__DATA FOR REVIEW__:
━━━━
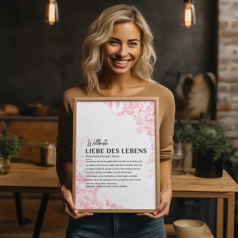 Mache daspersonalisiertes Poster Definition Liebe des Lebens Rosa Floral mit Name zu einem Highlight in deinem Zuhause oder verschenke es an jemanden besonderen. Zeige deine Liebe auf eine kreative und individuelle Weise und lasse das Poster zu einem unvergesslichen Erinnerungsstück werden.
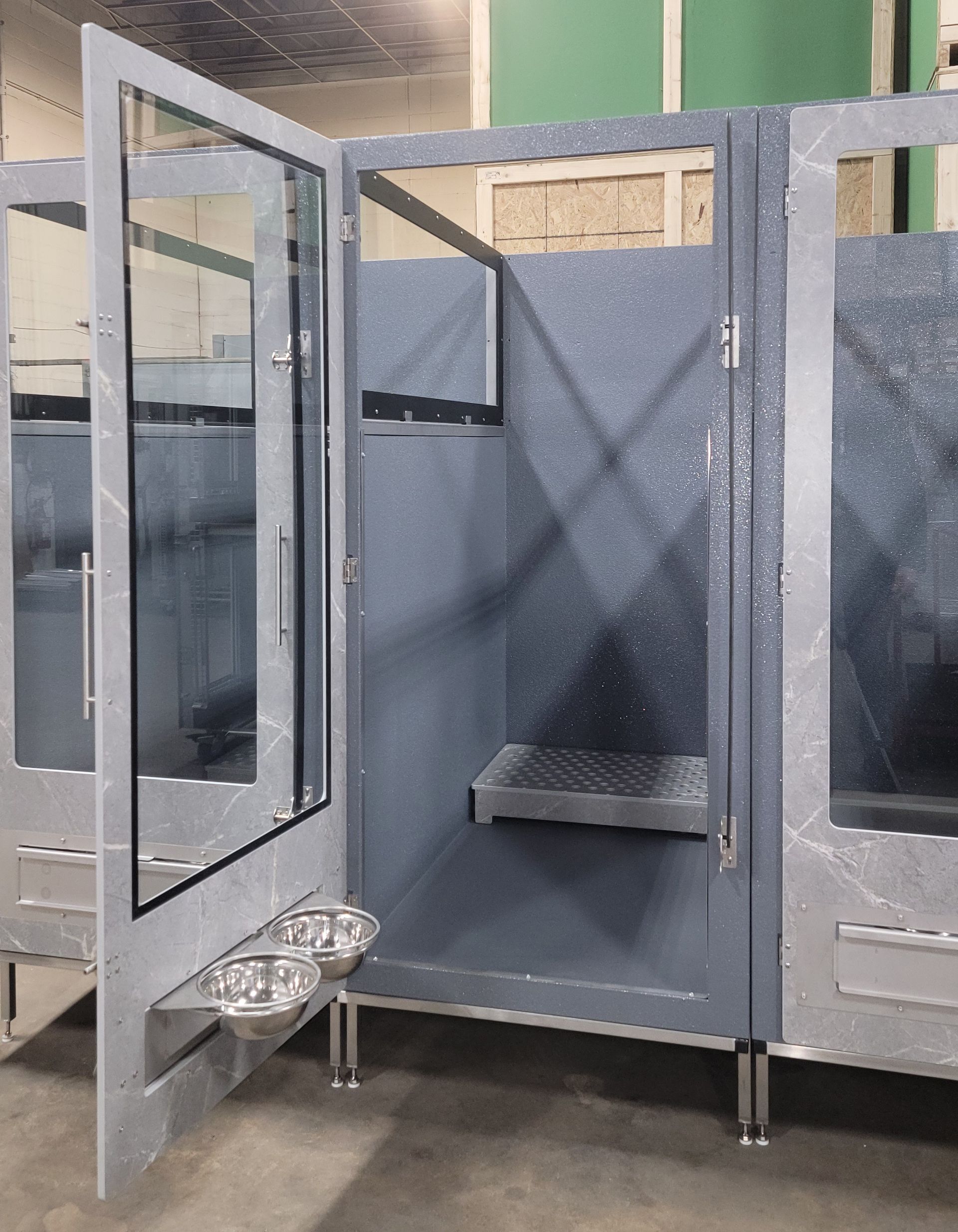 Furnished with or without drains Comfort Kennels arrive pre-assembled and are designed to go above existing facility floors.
━━━━
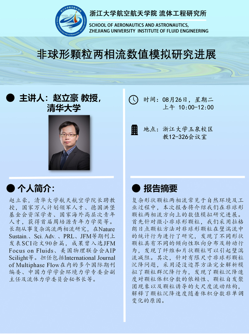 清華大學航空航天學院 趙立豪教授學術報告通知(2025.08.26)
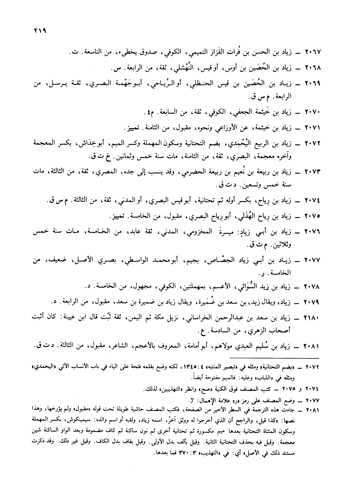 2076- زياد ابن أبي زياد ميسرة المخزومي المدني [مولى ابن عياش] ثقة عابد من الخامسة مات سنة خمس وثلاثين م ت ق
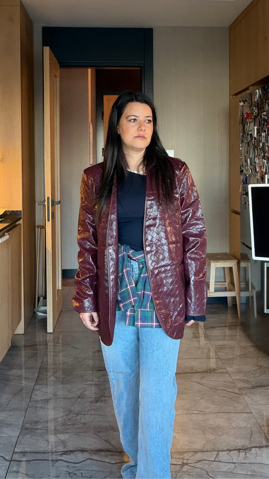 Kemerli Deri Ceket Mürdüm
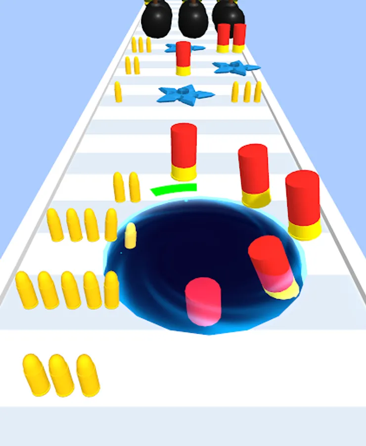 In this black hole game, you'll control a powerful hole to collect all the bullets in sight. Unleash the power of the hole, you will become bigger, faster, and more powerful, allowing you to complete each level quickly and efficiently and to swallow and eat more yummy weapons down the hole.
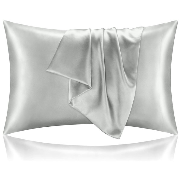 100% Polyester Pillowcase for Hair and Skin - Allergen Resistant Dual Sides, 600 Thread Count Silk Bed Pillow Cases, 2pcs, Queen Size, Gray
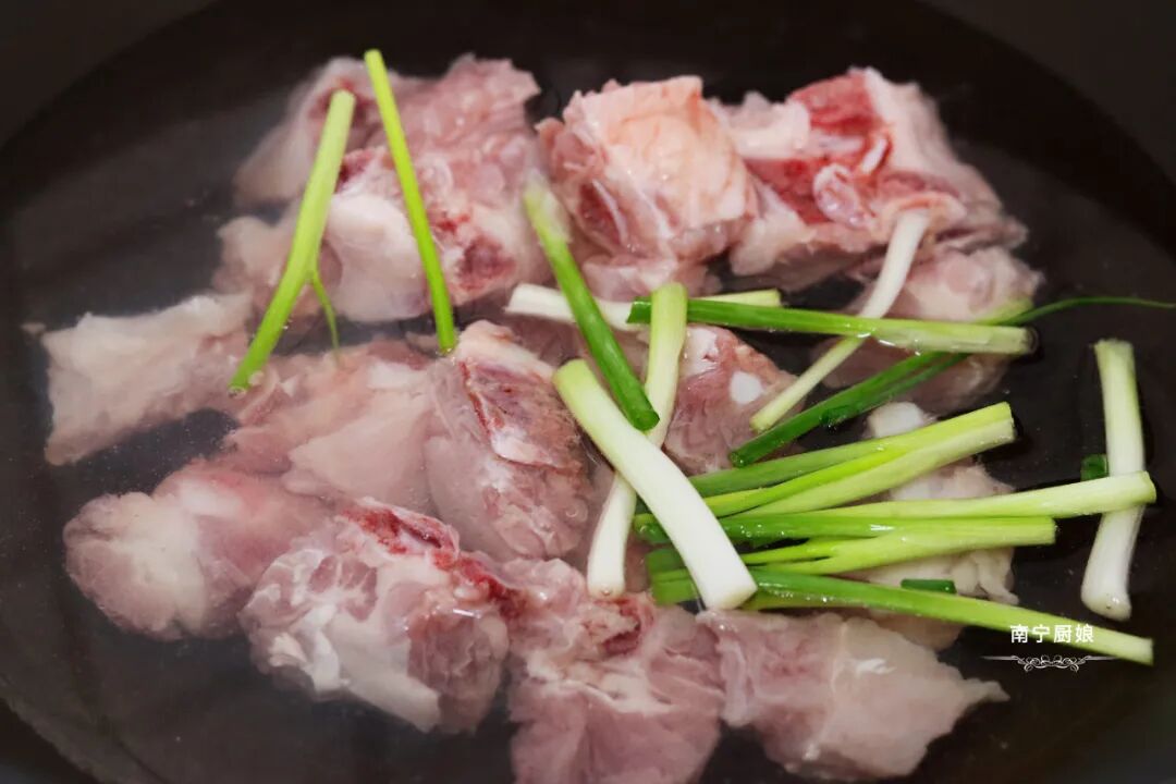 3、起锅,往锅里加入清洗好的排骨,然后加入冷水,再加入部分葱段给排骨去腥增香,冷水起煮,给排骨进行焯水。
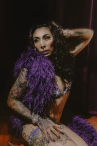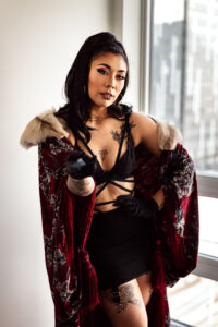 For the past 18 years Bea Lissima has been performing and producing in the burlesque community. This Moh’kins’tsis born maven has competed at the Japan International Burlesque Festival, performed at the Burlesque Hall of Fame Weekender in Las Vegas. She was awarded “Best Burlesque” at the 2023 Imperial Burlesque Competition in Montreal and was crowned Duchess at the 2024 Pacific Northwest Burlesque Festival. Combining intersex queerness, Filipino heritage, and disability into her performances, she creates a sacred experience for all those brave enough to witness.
━━━━
__WHAT NEEDS TO BE DONE__:
Repeat exactly the lines above, beginning at the one containing "Kemerli Deri Ceket Mürdüm" and ending at the one containing "For the past". Do not carry over any pictures.

__RESPONSE TO THE EXERCISE__:
 Kemerli Deri Ceket Mürdüm
 In this black hole game, you'll control a powerful hole to collect all the bullets in sight. Unleash the power of the hole, you will become bigger, faster, and more powerful, allowing you to complete each level quickly and efficiently and to swallow and eat more yummy weapons down the hole.
 100% Polyester Pillowcase for Hair and Skin - Allergen Resistant Dual Sides, 600 Thread Count Silk Bed Pillow Cases, 2pcs, Queen Size, Gray
 3、起锅,往锅里加入清洗好的排骨,然后加入冷水,再加入部分葱段给排骨去腥增香,冷水起煮,给排骨进行焯水。
 For the past 18 years Bea Lissima has been performing and producing in the burlesque community. This Moh’kins’tsis born maven has competed at the Japan International Burlesque Festival, performed at the Burlesque Hall of Fame Weekender in Las Vegas. She was awarded “Best Burlesque” at the 2023 Imperial Burlesque Competition in Montreal and was crowned Duchess at the 2024 Pacific Northwest Burlesque Festival. Combining intersex queerness, Filipino heritage, and disability into her performances, she creates a sacred experience for all those brave enough to witness.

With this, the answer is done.